Individual components of a comprehensive panel have strong evidence. Tumour markers (CEA, CA-125, PSA) are well-validated for monitoring known cancers, though poor as standalone screening tools. NK cell activity as a cancer prognosis marker has moderate evidence — low NK activity predicts worse outcomes in multiple cancer types. Vitamin D deficiency is associated with poorer cancer outcomes across 10+ cancer types in meta-analyses. High fasting insulin and IGF-1 correlate with increased cancer recurrence risk. The combination of all these markers into a single 'complete onco panel' as a decision tool has not been formally validated in RCTs, but is widely used in integrative oncology practice to personalise protocols.
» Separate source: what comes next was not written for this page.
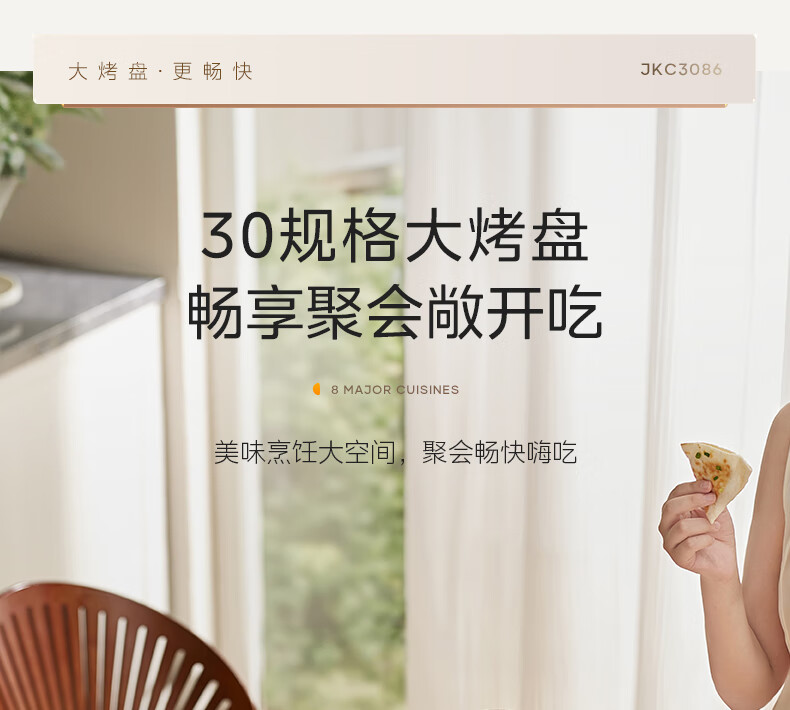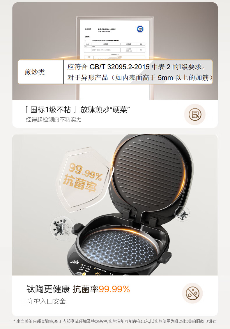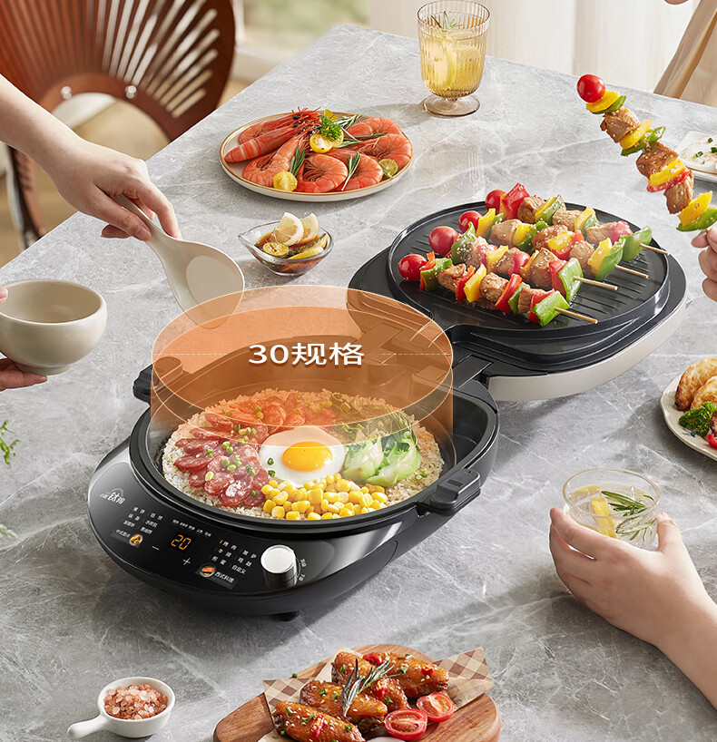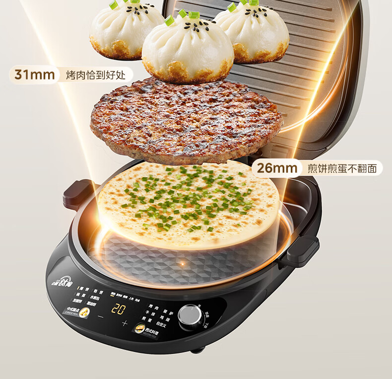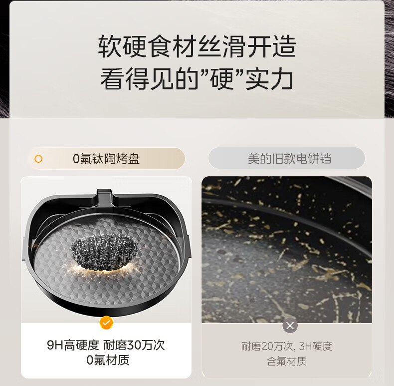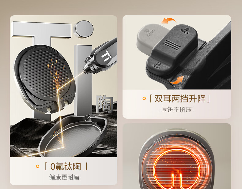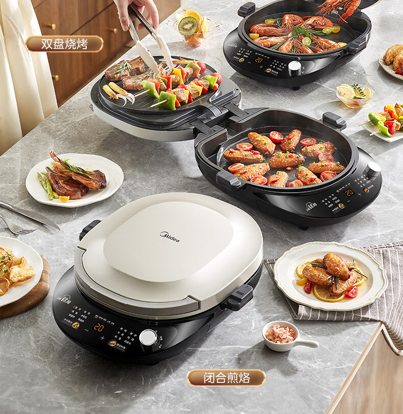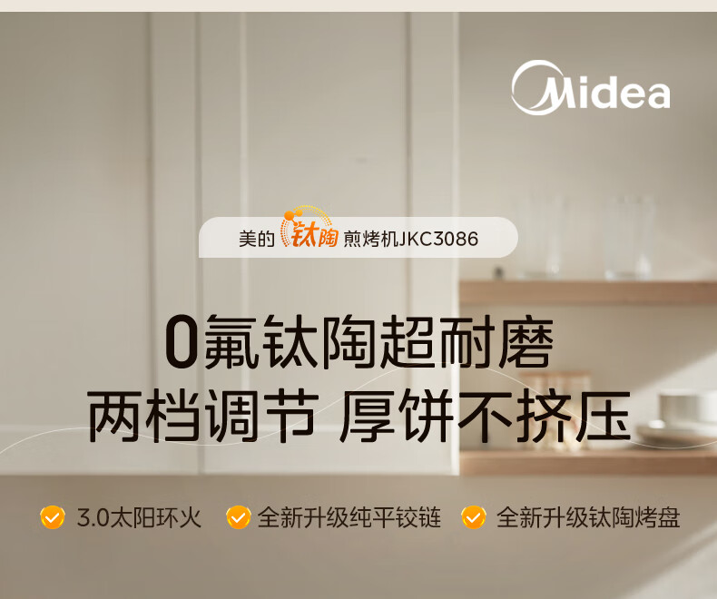 美的(Midea)电饼档 双面加热烙饼锅 早餐机 加大加深可拆三明治煎烤煎饼薄饼机0氟钛陶匀火烤盘 【钛陶瓷升级】MC-JKC3086

Available Labs & Providers

RGCC (extended panel alongside CTC testing)Greece
Biolab Medical UnitUK
Doctors Data (functional oncology panels)USA
Genova Diagnostics (NutrEval + immunology panels)USA/UK
Various integrative oncology clinics — custom panelsGlobal

This list is not exhaustive. Ask your oncologist or integrative physician for locally available options.

Important Considerations

  • Tumour markers are not reliable screening tools in isolation — elevated CEA can come from smoking, IBD, or other non-cancer causes
  • Over-testing can lead to anxiety and unnecessary follow-up investigations
  • Results require expert interpretation — do not self-interpret
  • Panels vary significantly between labs — compare what is included before choosing
  • Nutritional supplementation should be guided by results with professional oversight, especially during chemotherapy

Informational only. Not medical advice. Always consult your oncologist before ordering or acting on any diagnostic test.